──────── Information supplied
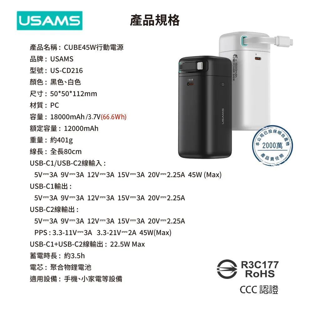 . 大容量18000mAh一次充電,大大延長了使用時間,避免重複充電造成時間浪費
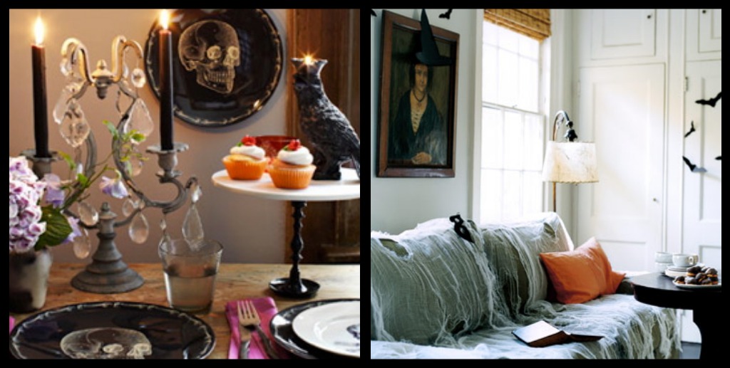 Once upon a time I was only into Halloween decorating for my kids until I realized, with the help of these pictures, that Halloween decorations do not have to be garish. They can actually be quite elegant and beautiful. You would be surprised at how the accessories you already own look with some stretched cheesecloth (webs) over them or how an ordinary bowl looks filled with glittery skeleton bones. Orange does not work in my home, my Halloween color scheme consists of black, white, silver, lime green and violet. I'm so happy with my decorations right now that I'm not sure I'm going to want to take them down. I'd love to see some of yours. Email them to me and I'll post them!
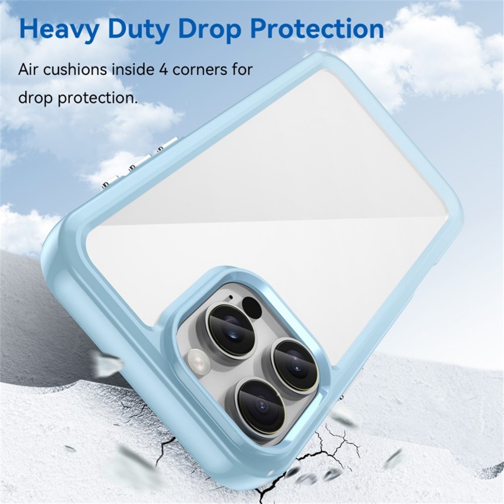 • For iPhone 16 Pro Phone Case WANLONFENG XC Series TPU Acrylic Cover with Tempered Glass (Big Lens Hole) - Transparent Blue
────────────────
No pictures, please. Output the listing above exactly as it stands.

 . 大容量18000mAh一次充電,大大延長了使用時間,避免重複充電造成時間浪費
 Once upon a time I was only into Halloween decorating for my kids until I realized, with the help of these pictures, that Halloween decorations do not have to be garish. They can actually be quite elegant and beautiful. You would be surprised at how the accessories you already own look with some stretched cheesecloth (webs) over them or how an ordinary bowl looks filled with glittery skeleton bones. Orange does not work in my home, my Halloween color scheme consists of black, white, silver, lime green and violet. I'm so happy with my decorations right now that I'm not sure I'm going to want to take them down. I'd love to see some of yours. Email them to me and I'll post them!
 • For iPhone 16 Pro Phone Case WANLONFENG XC Series TPU Acrylic Cover with Tempered Glass (Big Lens Hole) - Transparent Blue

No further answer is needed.